MariaDB's sql/log.cc is 15,000 lines. sql/log_event.h is 6,200. sql/log_event_server.cc is 8,900. sql/sql_repl.cc is 5,800. sql/rpl_gtid.cc is 4,100. Over 40,000 lines of binlog-related code. I didn't read all of it. I traced the parts related to GTIDs and event definitions.

What stood out was the obsession with backward compatibility embedded throughout. Sizing the GTID event to match a BEGIN query event. Jumping event type numbers to the 160s to avoid collisions with MySQL. Making each other's GTID events safely skippable as Ignorable_log_event. Two projects that forked from the same codebase, still careful not to break each other's streams.

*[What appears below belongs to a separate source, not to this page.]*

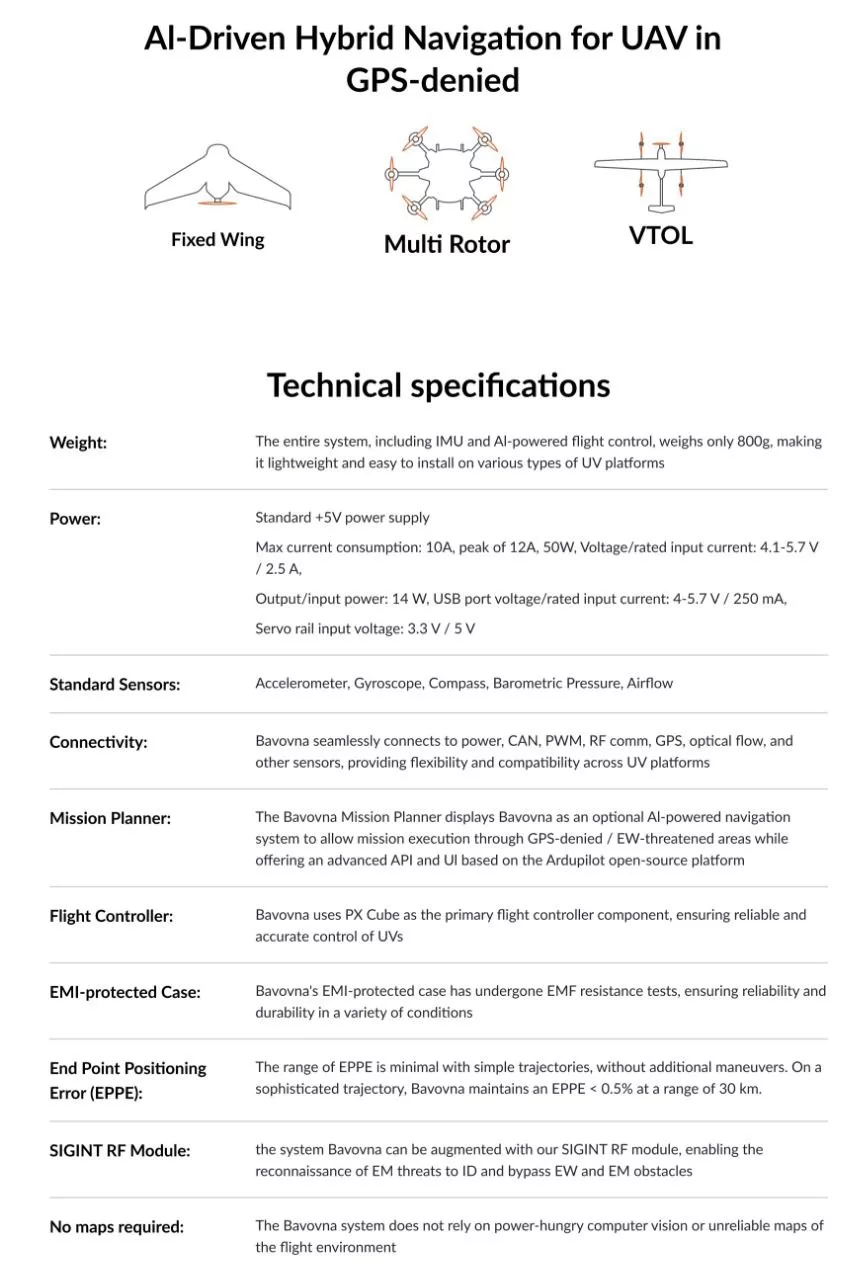 Bavovna AI разрабатывает системы управления воздушными, наземными и морскими дронами на основе ИИ, чтобы беспилотники могли противостоять РЭБ и самостоятельно действовать при отсутствии связи и навигации.

MariaDB's build configuration

The default build type is RelWithDebInfo — release optimization with debug info. C++17 standard. -fno-omit-frame-pointer preserves frame pointers, -D_FORTIFY_SOURCE=2 catches buffer overflows. ASAN, TSAN, UBSAN, and MSAN are all supported. For a codebase this size, the debugging experience is surprisingly good.

Impact on MygramDB

The practical breakdown:

AreaChange needed
Row event parser (rows_parser)None
NULL bitmaps, packed integersNone
TABLE_MAP cacheNone
GTID parsingNew implementation
Replication protocolNew implementation
Server flavor detectionNew implementation
Connection validationFlavor-aware branching

I introduced an IBinlogStream interface and use the Strategy Pattern to switch between MySQL and MariaDB stream implementations. Row event processing stays shared. Only the GTID layer branches by flavor.

The design cut cleanly because the divergence point is clear. The boundary between "compatible" and "completely different" isn't vague — it's precise at the binary level.

Same Face, Different Personality

MySQL and MariaDB binlogs are like twins. Same magic bytes, same headers, same row data. They look identical, and that's where the "compatible" reputation comes from.

But when it comes to GTIDs — the heart of replication — their personalities diverge. MySQL chose UUID-based global uniqueness. MariaDB chose domain-based independent streams. In 2013, two teams answered the same question differently.

For someone who writes binlog parsers, "row data is identical" is the thing that matters most. The most complex, most bug-prone part of the parser is shared. GTIDs need a redesign, but it's a well-defined scope. Not an unbounded compatibility problem.

Same face doesn't mean same person. But there's no question they share a parent.